And push 14 back on top of our stack. All that remains is -, which also needs two operands. O Glorious luck! There are two operands left in our stack. Use them!

Drawing of the operands 14 and 10 taken from the stack into the operation '10 14 -' for the result '-4'

And so we have our result. This stack-based approach is relatively fool-proof and the low amount of parsing needed to be done before starting to calculate results explains why it was a good idea for old calculators to use this. There are other reasons to use RPN, but this is a bit out of the scope of this guide, so you might want to hit the Wikipedia article instead.

Writing this solution in Erlang is not too hard once we've done the complex stuff. It turns out the tough part is figuring out what steps need to be done in order to get our end result and we just did that. Neat. Open a file named calc.erl.

The first part to worry about is how we're going to represent a mathematical expression. To make things simple, we'll probably input them as a string: "10 4 3 + 2 * -". This string has whitespace, which isn't part of our problem-solving process, but is necessary in order to use a simple tokenizer. What would be usable then is a list of terms of the form ["10","4","3","+","2","*","-"] after going through the tokenizer. Turns out the function string:tokens/2 does just that:

1> string:tokens("10 4 3 + 2 * -", " ").
["10","4","3","+","2","*","-"]

That will be a good representation for our expression. The next part to define is the stack. How are we going to do that? You might have noticed that Erlang's lists act a lot like a stack. Using the cons (|) operator in [Head|Tail] effectively behaves the same as pushing Head on top of a stack (Tail, in this case). Using a list for a stack will be good enough.

To read the expression, we just have to do the same as we did when solving the problem by hand. Read each value from the expression, if it's a number, put it on the stack. If it's a function, pop all the values it needs from the stack, then push the result back in. To generalize, all we need to do is go over the whole expression as a loop only once and accumulate the results. Sounds like the perfect job for a fold!
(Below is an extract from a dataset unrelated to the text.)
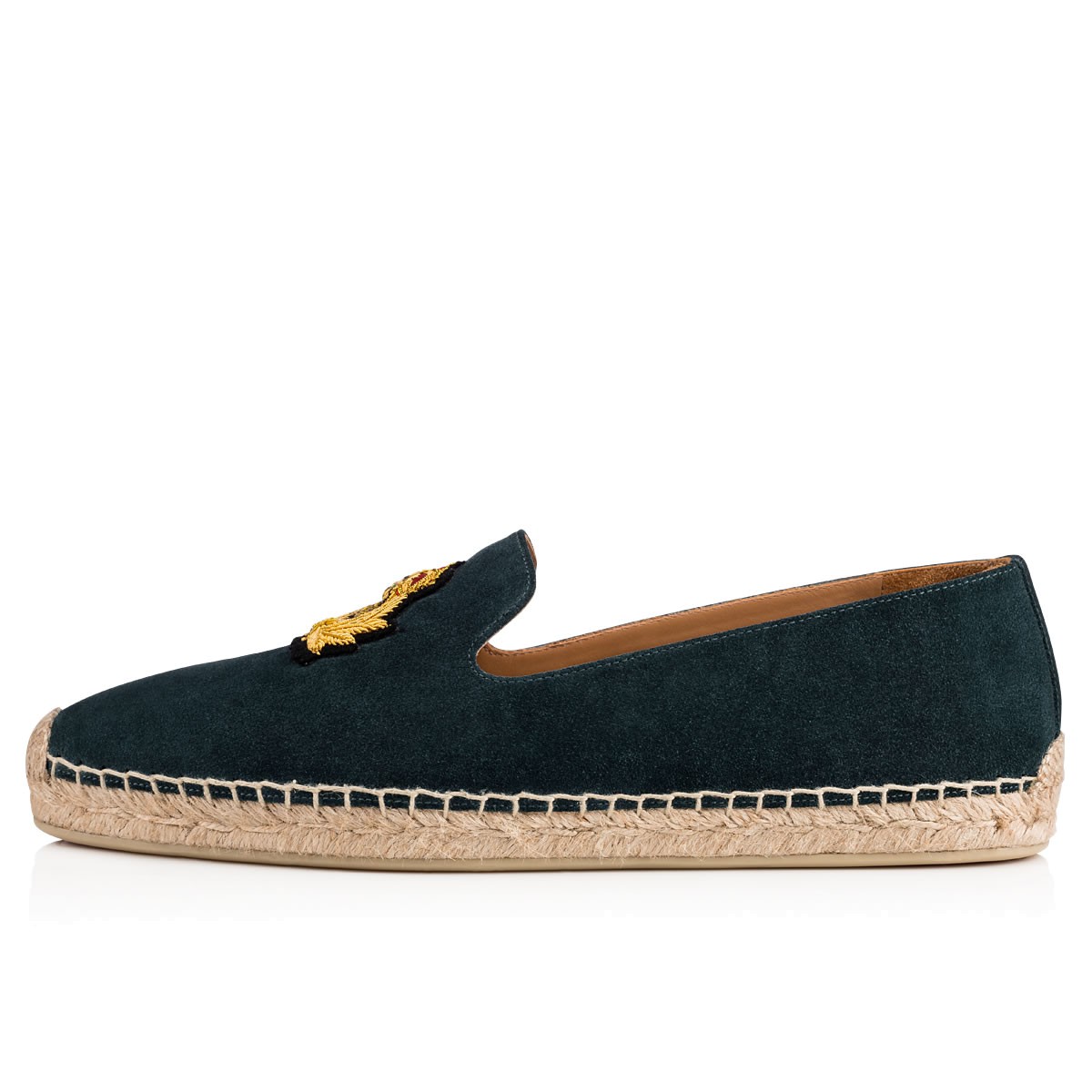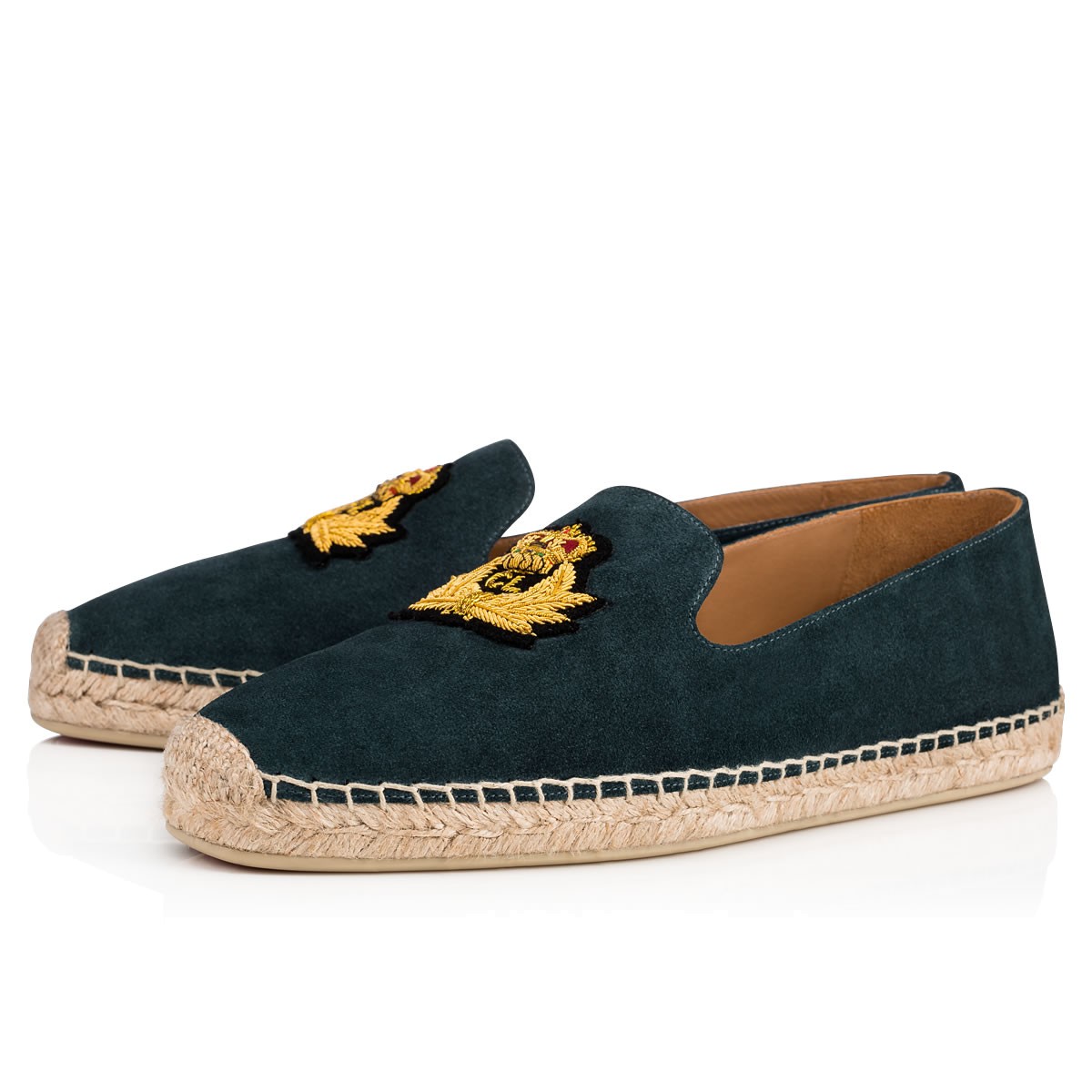 Espadrilles are the official all-season leisure shoe. Get your Fall/Winter pair with “Nanou Flat”. In cool baltic suede, this ever classic slip-on is further distinguished by the signature Louboutin crest patch.

What we need to plan for is the function that lists:foldl/3 will apply on every operator and operand of the expression. This function, because it will be run in a fold, will need to take two arguments: the first one will be the element of the expression to work with and the second one will be the stack.

We can start writing our code in the calc.erl file. We'll write the function responsible for all the looping and also the removal of spaces in the expression:

-module(calc).
-export([rpn/1]).

rpn(L) when is_list(L) ->
    [Res] = lists:foldl(fun rpn/2, [], string:tokens(L, " ")),
    Res.

We'll implement rpn/2 next. Note that because each operator and operand from the expression ends up being put on top of the stack, the solved expression's result will be on that stack. We need to get that last value out of there before returning it to the user. This is why we pattern match over [Res] and only return Res.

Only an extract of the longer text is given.